## Exercise instructions
For every line below, restate it exactly and drop the images.

START Data excerpt

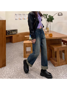 胖妹妹阔腿裤子2025年新款宽松显瘦大码春秋复古直筒高腰牛仔裤女
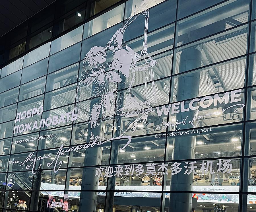 Обновлённый портрет вновь стал ярким акцентом на фасаде пассажирского терминала и продолжает оставаться одним из символов аэропорта, который носит имя великого русского учёного. Новая версия сохранила привычный облик изображения, но были обновлены отдельные элементы и детали, а также внесены изменения в некоторые шрифты.
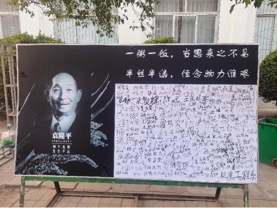 为了深切怀念和致敬伟大的“杂交水稻之父”——袁隆平院士,5月27日下午,机电工程系的在校师生在南苑餐厅门口自发组织“国士无双,先生千古”缅怀哀悼活动。

END Data excerpt

## Result of this exercise
 胖妹妹阔腿裤子2025年新款宽松显瘦大码春秋复古直筒高腰牛仔裤女
 Обновлённый портрет вновь стал ярким акцентом на фасаде пассажирского терминала и продолжает оставаться одним из символов аэропорта, который носит имя великого русского учёного. Новая версия сохранила привычный облик изображения, но были обновлены отдельные элементы и детали, а также внесены изменения в некоторые шрифты.
 为了深切怀念和致敬伟大的“杂交水稻之父”——袁隆平院士,5月27日下午,机电工程系的在校师生在南苑餐厅门口自发组织“国士无双,先生千古”缅怀哀悼活动。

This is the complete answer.